Micron is a US company, and US did the same against Japan in the past

DoctorOetker 2 hours ago | parent | prev [-]

According to the recent article HBM memory is 3x less efficient wafer area wise than LPDDR; but the bandwidth is more than triple.

What if its in everyone's interest to buy computers at say 1/3rd the rate and switch everything over to HBM?

the discrepancy between compute and memory has been growing for ages, perhaps a painful switch to HBM is exactly what we need?

Would you rather have 3 intermediate computers with low memory bandwidth, or wait a little longer statistically so that we can all enjoy a new computer at 1/3rd the rate but much higher bandwidth than the area ratio?

FuckButtons 2 hours ago | parent | next [-]

These are fundamentally different points in design space though, hbm doesn’t have a 10mw idle draw like lpddr does.

aurareturn 2 hours ago | parent | prev | next [-]

Can’t put HBM in smartphones and laptops. The power drain is too great.

thfuran 2 hours ago | parent | prev [-]

Not many workloads are RAM bandwidth limited. Power and latency are much more common bottlenecks, and HBM loses on both of those.

zozbot234 17 minutes ago | parent | next [-]

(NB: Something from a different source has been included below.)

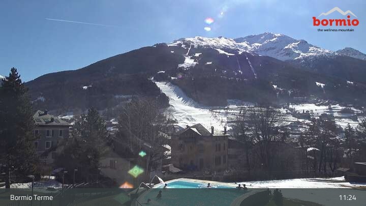 Archiviertes Webcam Bild: Bormio: Blick von der Therme aufs Skigebiet am 26 Feb 2026 um 11:04 Uhr 10:00

Multicore workloads do tend to hit RAM bandwidth limits before they hit power constraints. If you do the math, running at max frequency and core utilization would usually imply you could only access a byte or so per core clock cycle. Perhaps a mere handful of bytes for the highest-performance systems with in-package RAM.

pastel8739 an hour ago | parent | prev [-]

Isn’t memory bandwidth super relevant for AI?